This analysis was conducted within the fixed network of 47 PV systems, where we varied the number of neighboring systems for which the data could be accessed by each participant (from 0 to 46 neighbors). The approach quantifies how increasing data sharing density, rather than network size, contributes to collective forecasting improvements and enables the design of economically sustainable incentive structures in DePIN networks.

4. Results

This section presents the findings from our experiments, focusing on the impact of participation levels in the DePIN on forecasting accuracy and the resulting economic benefits. We evaluate performance across the three forecasting levels outlined in the methodology: Level 1 (clear-sky baseline with no data sharing), Level 2 (solo forecasting using historical data from individual PV systems), and Level 3 (networked forecasting incorporating data from neighboring PV systems). Forecasting accuracy is assessed using the Mean Absolute Error (MAE), as defined in the methodology, to quantify prediction performance. Economic benefits are evaluated through total imbalance costs (C), approximated as C m ¯ · MAE · E , where m ¯ is the average imbalance price and E is the total energy volume, enabling direct comparisons of cost savings ( Δ C ) across levels. Several forecasting methods are compared, namely, a clear-sky model (CS), baseline averaging (AVG) model, Support Vector Regression (SVR), Random Forests (RFs), Extreme Gradient Boosting (XGB), and a Multilayer Perceptron (MLP), to provide a comprehensive assessment.

4.1. Forecasting Accuracy

4.1.1. Forecasting Accuracy at Level 1

At Level 1, no data is shared, and forecasting relies solely on a clear-sky model, which estimates PV production based on astronomical parameters without historical or real-time data. Specifically, we employ the Haurwitz clear-sky Global Horizontal Irradiance (GHI) model, which calculates solar irradiance using only astronomical inputs such as solar zenith angle [73].
The performance metrics for this level were calculated across the 47 PV installations in the dataset, comparing the model’s predictions against actual power output. The distribution statistics of these metrics are summarized in Table 2. The clear-sky model exhibits relatively high errors, with a mean Mean Absolute Error (MAE) of 0.0817 ± 0.0045, a mean Root Mean Square Error (RMSE) of 0.1488 ± 0.0075, and a mean Coefficient of Determination ( R 2 ) of 0.6313 ± 0.0407. These values highlight the limitations of non-data-driven approaches, particularly in accounting for cloud cover, atmospheric conditions, and other localized variabilities that affect solar output.

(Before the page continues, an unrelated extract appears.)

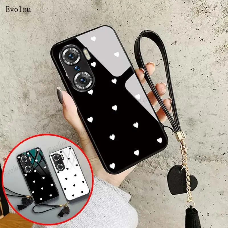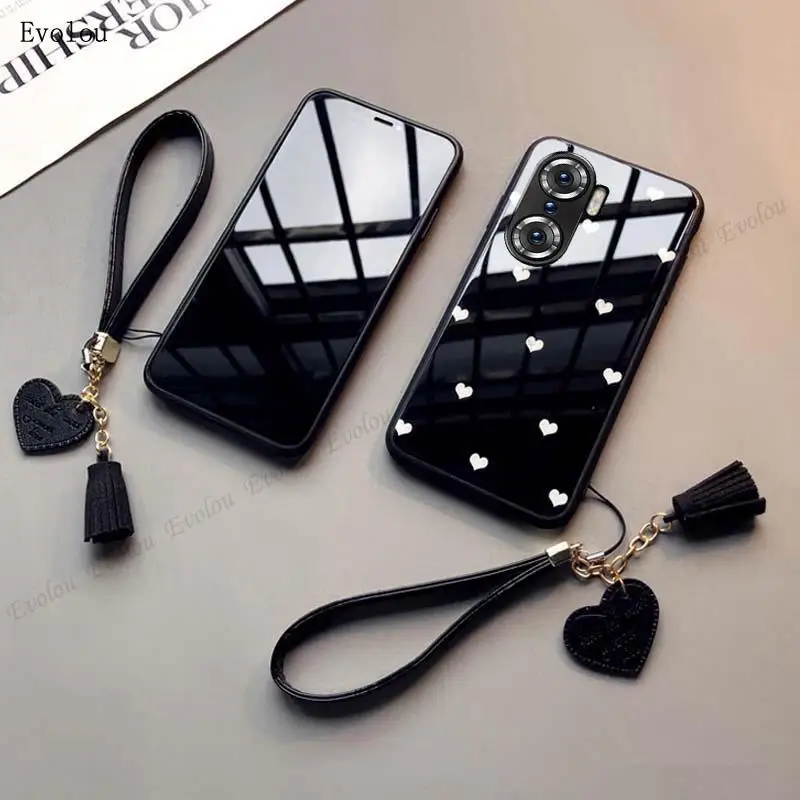 Для Huawei Honor 60 Pro Чехол с кисточкой и ручным ремешком для Honor 50 SE 30S 20 Lite 10 Love Heart окрашенные закаленное стекло противоударный чехол

4.1.2. Forecasting Accuracy at Level 2

At Level 2, forecasting relies solely on historical data from the individual PV installation, without incorporating spatial information from neighboring systems. This represents a solo forecasting approach that leverages temporal patterns from the system’s own production history.
We compared the performance of several forecasting methods in this configuration: a baseline averaging model (AVG), which uses simple day-profile averaging based on historical data without machine learning, and advanced machine learning models, namely, Support Vector Regression (SVR), Random Forests (RFs), Extreme Gradient Boosting (XGB), and a Multilayer Perceptron (MLP). This evaluation quantifies the benefits of machine learning over the simple history-based AVG approach for solo forecasting.
The results are summarized numerically in Table 3. Three common forecasting accuracy metrics were employed: Mean Absolute Error (MAE), Root Mean Square Error (RMSE), and the Coefficient of Determination ( R 2 ).
The results demonstrate that all Level 2 models, including the simple AVG baseline, achieve comparable or slightly better performance than the Level 1 clear-sky model, underscoring the value of incorporating historical data from individual PV systems. Notably, the machine learning models (except SVR) outperform the AVG baseline, highlighting the advantages of data-driven approaches in capturing complex temporal patterns over both the non-data-driven Level 1 baseline and the history-only AVG method. Among them, the Random Forests model achieved the lowest MAE (0.0676 ± 0.0026) and highest R 2 (0.741 ± 0.014), while the MLP achieved the lowest RMSE (0.1213 ± 0.005), indicating its superior ability to model non-linear relationships in historical data. XGB also showed substantial improvements over AVG and Level 1, further validating the value of machine learning for solo forecasting. Interestingly, the AVG model achieved a lower MAE than SVR (0.1046 ± 0.0060), suggesting that simple averaging can be effective for minimizing average absolute errors, though it underperforms in explaining variance and handling variability compared with the better machine learning methods and offers only marginal gains over Level 1.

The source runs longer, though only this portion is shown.